Execution Parameters

As described previously, all the parameters that Micro-Primers needs to perform the analysis properly, must be dully set at the config.txt file. In this file there are four sections with different parameters to be considered for the pipeline execution:
In the first section (Input Files), the user has to indicate the name of the paired-end files that will be used as input in the analysis.

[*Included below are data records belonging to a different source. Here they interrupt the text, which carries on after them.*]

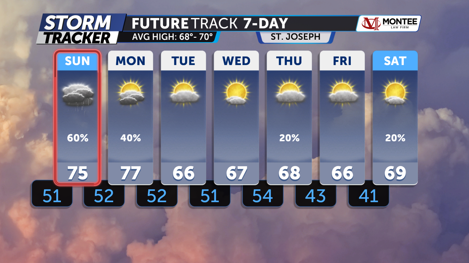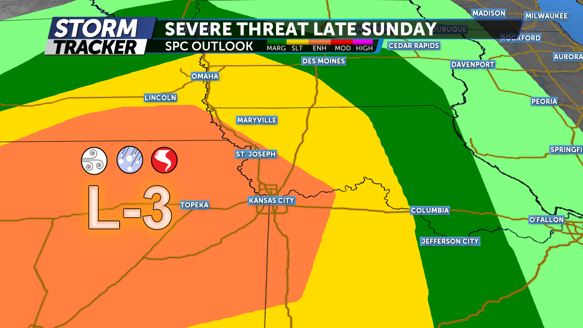 A warm and dry Saturday afternoon will give way to isolated t-storm chances across Northwest Missouri and Northeast Kansas Saturday evening and overnight, with lows falling into the mid to upper 50s after midnight and mostly cloudy skies. Skies remain unsettled Sunday with considerable cloud coverage, highs in the 70s, and a chance of scattered strong to severe thunderstorms for the evening and overnight hours. Damaging winds, sizable hail, and a tornado or two will be possible late Sunday, especially west of the Missouri River across Northeast and East Central Kansas.
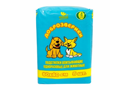 Доброзверики "Экономичная упаковка" Подстилки для животных 5шт 60х40 см
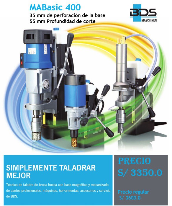 El taladro de 35 mm de diámetro de giro ideal para el rendimiento económico hecho en Alemania. Con altas magnéticas cortador de la brocha – bajo precio. BDS Maschinen está tratando de llenar un vacío con este nuevo broche magnéticas concepto de máquina cortadora para usuarios profesionales que no se puede comprometer la calidad o el rendimiento, pero que son capaces de renunciar a la comodidad y accesorios para el beneficio de los buenos precios. Potente y fiable, sistema de lubricación interna, compacto y ligero, MABasic 400 máquina de corte broche magnético puede perforar hasta 1-1 / 2 «de diámetro., 9.5 Amp motor de doble aislamiento, 3/4» Arbor directa Usos cortadores anulares, la perforación de la torcedura hasta 3/4 «de diámetro .; 6-1 / 3» golpe con la tirada, con un 1/2 «mandril, los base 400 se convierte fácilmente en la prensa de taladro de serie con un 6-1 / 3» golpe de brocas helicoidales convencionales.
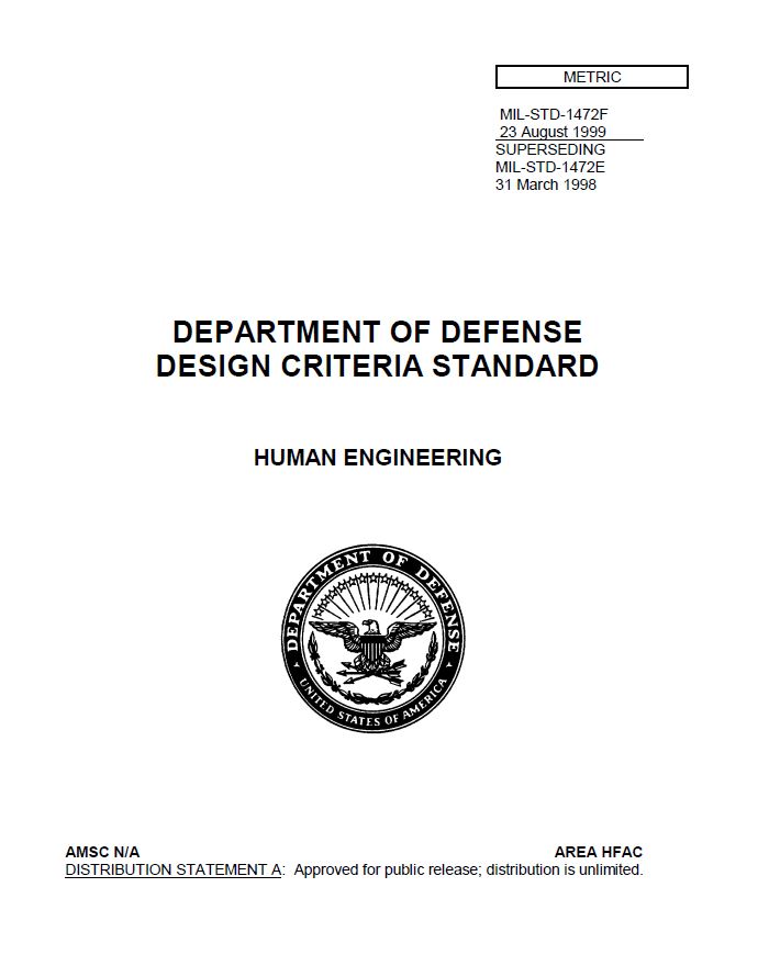 This standard establishes general human engineering design criteria for military systems, subsystems, equipment and facilities.
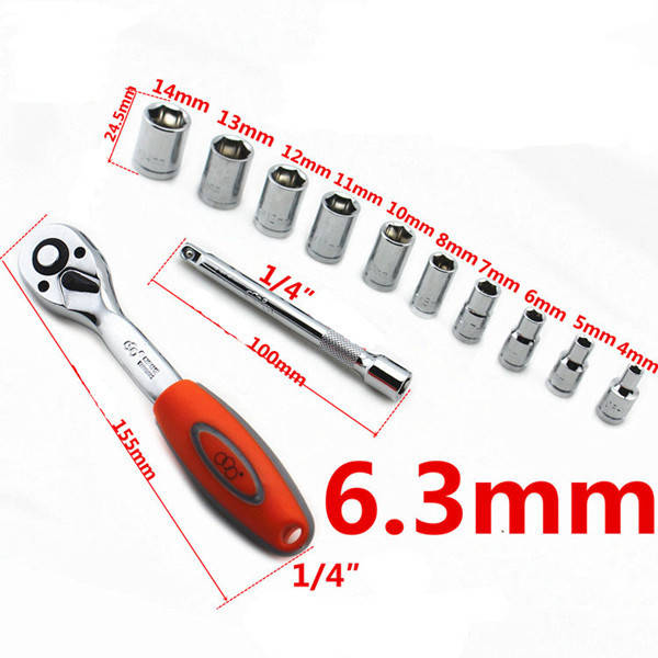 Features: Practical, Durable, ideal for various applications. With 10 pcs of 4-14mm can replace the die. Ratchet Ring spanners, Heat-treated steel design helps prevent bruised and scraped knuckles. Ideal for getting at hard to reach nuts & bolts.
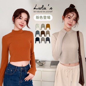 日系保暖磨毛微高領捲邊上衣
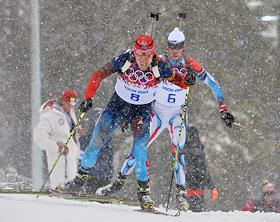 XXII Зимние Олимпийские игры в Сочи. Биатлон. Масс-старт 15 км. Мужчины. Член сборной команды Австрии по биатлону Кристоф Зуманн (слева) и член сборной команды России по биатлону Евгений Устюгов (справа) во время соревнований.
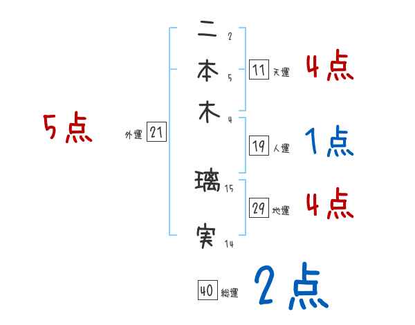 天運![]() | 二本木璃実さんの天運は11画の4つ星!着実に富や地位を得る幸運な人生。 家系が持つ宿命的な運勢を表します。祖先から受け継いだ苗字ですので自分の力が及びません。家柄を象徴します。 |

In the second section (CUTADAPT), the sequence of adapters used after the restriction enzyme digestion is required. These adapters are necessary to transform the longer overhangs into blunt ends after the enzyme digestion. Only sequences with these adapters are considered ‘true’ digested sequences. In the third section (SSR), several parameters regarding the microsatellite selection are involved. The parameter MIN FLANK LEN indicates the minimum length accepted in both flanking regions where the primers will be designed on. The length of the flanking areas is critical to the final outcome since a very narrow window prevents the design of primers and subsequently causes the exclusion of the respective SSR. Thus, any sequence with shorter flanking region (in any of both ends) that the length specified will be discarded. The MIN MOTIF REP sets the minimum number of repeats that every SSR loci must have to be kept in the pipeline. Also, specific SSR motifs can be discarded from the output if indicated in the EXC MOTIF TYPE parameter. Options for this parameter are c (compound), c* (compound with imperfection) and p1 to p6 (repeated motif of 1 to 6 nucleotides) (Thiel et al., 2003). Motifs chosen to be discarded should be indicated separately with comma. The MIN ALLEL CNT option indicates the minimum number of alleles for a SSR locus to be selected and it is based on the observed alleles. In opposition, the parameter MIN ALLEL SPECIAL DIF indicates the minimum potential number of alleles desired for each loci, taking into account that not all alleles are represented in the multi-individual sample. Assuming that the difference between the alleles with higher and lower number of repeats, only loci that satisfy the minimum number of alleles indicated in the MIN ALLEL SPECIAL DIF are kept. The parameter MIN ALLEL SPECIAL is used to enable
(=1) or disable (=0) this option.
Finally, in the fourth section (PRIMER3), the config.txt file is used to implement PRIMER3, where the only requirement is to indicate the path to the Primer3 settings file containing the standard parameters of Primer3. However, the parameters can be changed according with a user demands, e.g., PRIMER PRODUCT SIZE RANGE, PRIMER OPT SIZE, PRIMER OPT TM and/or PRIMER MAX POLY X, among others (find all parameters in https://primer3.org/manual.html). PCR amplification primers usually are designed with a length of 20-25 nucleotides and some particularities are required to avoid future problems during genotyping (Dieffenbach, Lowe, & Dveksler, 1993; Flores-Rentería & Krohn, 2013), like the presence of G or C at the 3’ end, certain percentage of GC for a proper melting temperature and both primers having similar melting temperature for their hybridization to take place at the same time.